▶
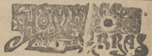
EL GENERAL QUESADA

Aunque en algunos casos los términos medios suelen dar excelentes resultados, no siempre son beneficiosos, porque pueden multiplicar los odios por convertir en enemigos á los propios partidarios. Esto le ocurrió al general D. Vicente Jenaro de Quesada, quien, siendo el favor de las ideas tradicionales, fué asesinado el 15 de Agosto de 1836 por los realistas, por suponerle amigo de los liberales, á consecuencia de oponerse á todo género de excesos y atropellos, ser magnánimo con sus enemigos políticos y salir siempre al paso de los realistas que ponían por pantalla á la política para dar satisfacción á sus apetitos de venganza ó á sus instintos criminales.
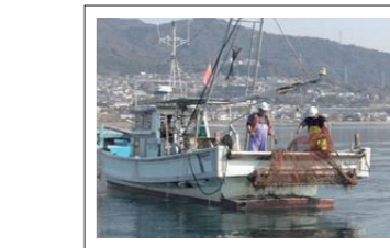
マコガレイ生息域の海底耕うん

左記の各部門の「豊かな海づくり」の活動に永年にわたって貢献し、その功績が顕著であった団体等に対し、大会会長賞、農林水産大臣賞、環境大臣賞、水産庁長官賞を授与し、全国豊かな海づくり大会式典で表彰を行ってきました。
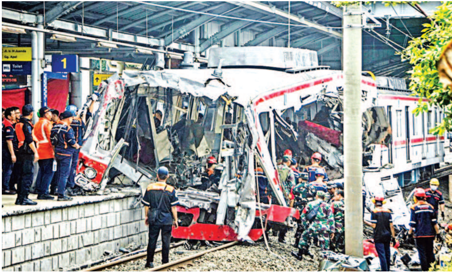
Workers clear debris at the train collision site after the locomotive of a passenger train pierced through the rear car of a commuter train at Bekasi Timur Station in Bekasi, West Java, yesterday. The incident killed at least 15 people and injured dozens.

At least 800 Palestinians have been killed since the October 2025 ceasefire, according to local medics, while Israel says attacks have killed four of its soldiers over the same period.
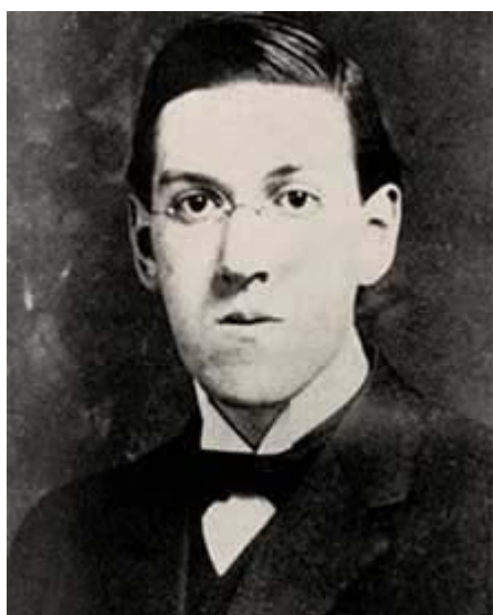
H. P. Lovecraft

desde la humildad. Lovecraft creó todo un mundo de monstruos cuyo poder iba más allá del entendimiento humano, y para ello tuvo la idea de conocer bien los avances científicos de su época y usarlos como contraste de su mundo. Es normal leer descripciones en relatos de Lovecraft que aluden a la naturaleza no euclidiana de los lugares que aparecen en ellos, o a la forma medio animal, medio planta de sus criaturas. A menudo estas descripciones las hacen gente que entiende de la materia que hablan, como matemáticos o biólogos. Y no es necesario que seas matemático o biólogo para convencer al lector de ello, sólo tienes que parecerlo, y él hará el resto, pensará que si el personaje lo considera raro y entiende de ello, entonces él debe considerarlo raro también. Lovecraft no era matemático, pero cuando escribió Los sueños de la casa de la bruja logró convencerme, a mí matemático, no sólo de que el protagonista lo era, sino de que había de verdad logrado encontrar un portal a la cuarta dimensión. ¿Y cómo hizo eso? Desde luego no mediante descripciones absurdas y sin fundamento, como ocurre muchas veces cuando se habla de la cuarta dimensión en la ficción. Empezó a contar la teoría que el protagonista conocía, la geometría Riemanniana, sin entrar en muchos detalles, y luego relató lo inútil e incompleta que era comparada con lo que ese personaje había encontrado.
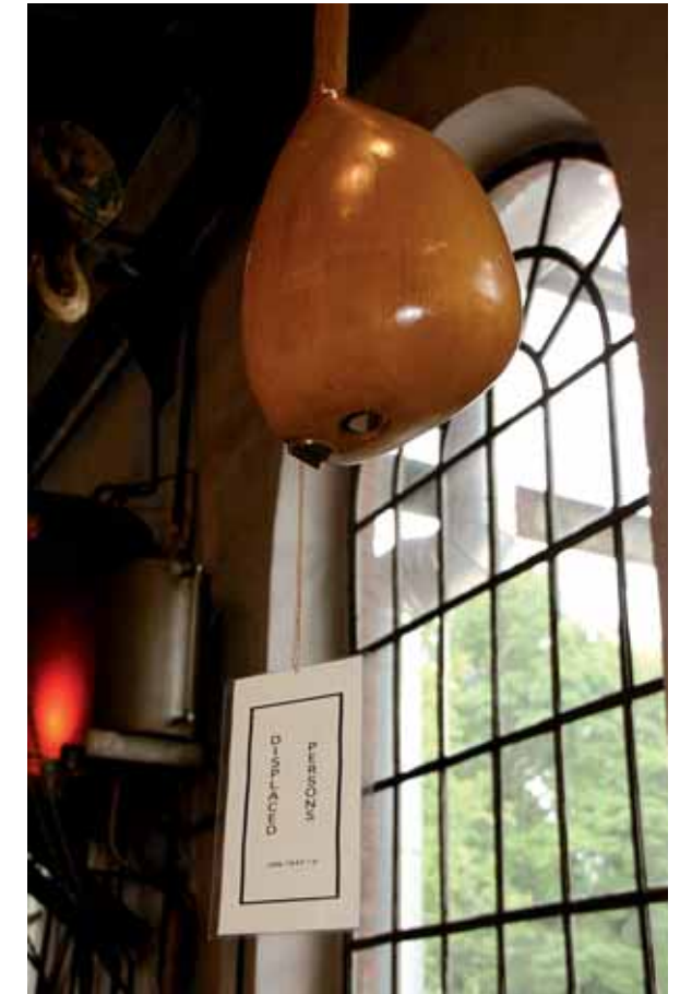
Instrument Installation · (Saz: Muammer Yalcin) · 2009
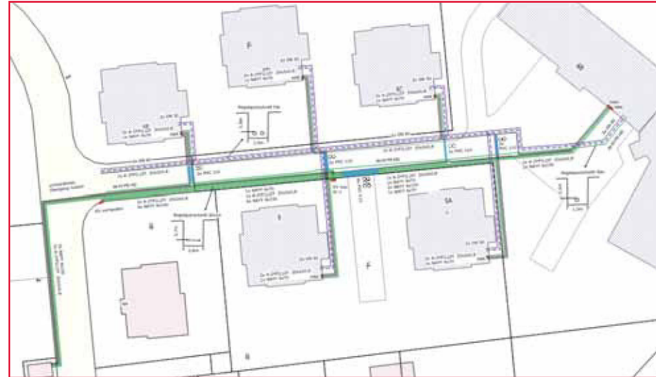
Bild: Erstellung einer Fernwärmeplanung mit dem Modul DESIGN bei den Stadtwerken Gießen

Nach der Genehmigung der Maßnahme erfolgt eine Feinplanung. Hierzu wird neben den detailliert vorliegenden topographischen Informationen auch noch das Kanalnetz als Planungsgrundlage erfasst. Auf dieser Basis erfolgt dann die genaue Planung der einzelnen Sparten, die in der Regel alle in einem Planwerk gemeinsam im Maßstab 1:250 dargestellt werden. Neben dem Leitungsverlauf werden auch die wesentlichen Betriebsmittel wie Armaturen, Hydranten und Schieber eingebracht. Eine Planung der Anschlüsse erfolgt nur bei Bedarf, z.B. wenn diese umgehängt werden müssen.
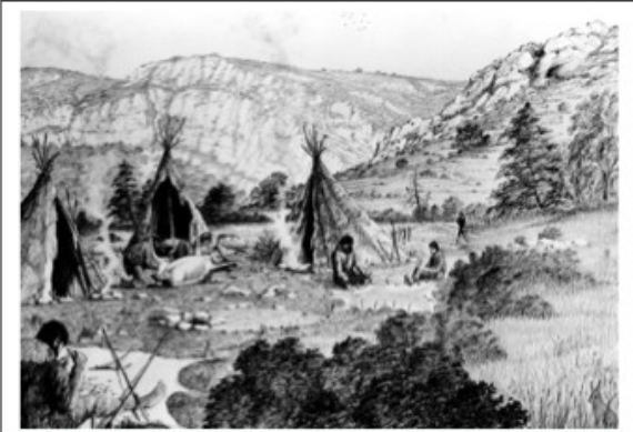
Voici des tentes des hommes du paléolithique qui étaient NOMADES
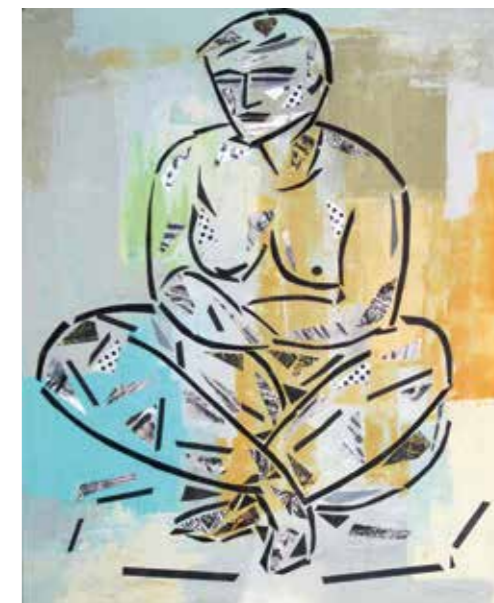
Model. Pintura collage, 64x49 cm
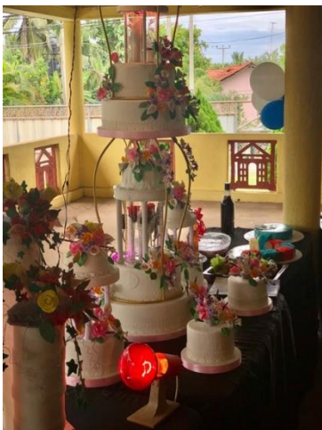
Eine wunderschöne Hochzeitstorte
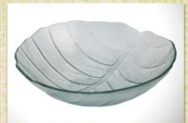
UD2530L Mod. Folha Fruteira, saladeira, tigela p/ doces, massas e gelatina 320mm (diam.) x 95mm (alt.)
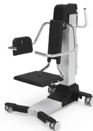
Hydraid jako siedzisko
◀
After locating the line that contains "Instrument Installation ·", output it and all later lines through the end of the material exactly, leaving out pictures.

Instrument Installation · (Saz: Muammer Yalcin) · 2009
Bild: Erstellung einer Fernwärmeplanung mit dem Modul DESIGN bei den Stadtwerken Gießen

Nach der Genehmigung der Maßnahme erfolgt eine Feinplanung. Hierzu wird neben den detailliert vorliegenden topographischen Informationen auch noch das Kanalnetz als Planungsgrundlage erfasst. Auf dieser Basis erfolgt dann die genaue Planung der einzelnen Sparten, die in der Regel alle in einem Planwerk gemeinsam im Maßstab 1:250 dargestellt werden. Neben dem Leitungsverlauf werden auch die wesentlichen Betriebsmittel wie Armaturen, Hydranten und Schieber eingebracht. Eine Planung der Anschlüsse erfolgt nur bei Bedarf, z.B. wenn diese umgehängt werden müssen.
Voici des tentes des hommes du paléolithique qui étaient NOMADES
Model. Pintura collage, 64x49 cm
Eine wunderschöne Hochzeitstorte
UD2530L Mod. Folha Fruteira, saladeira, tigela p/ doces, massas e gelatina 320mm (diam.) x 95mm (alt.)
Hydraid jako siedzisko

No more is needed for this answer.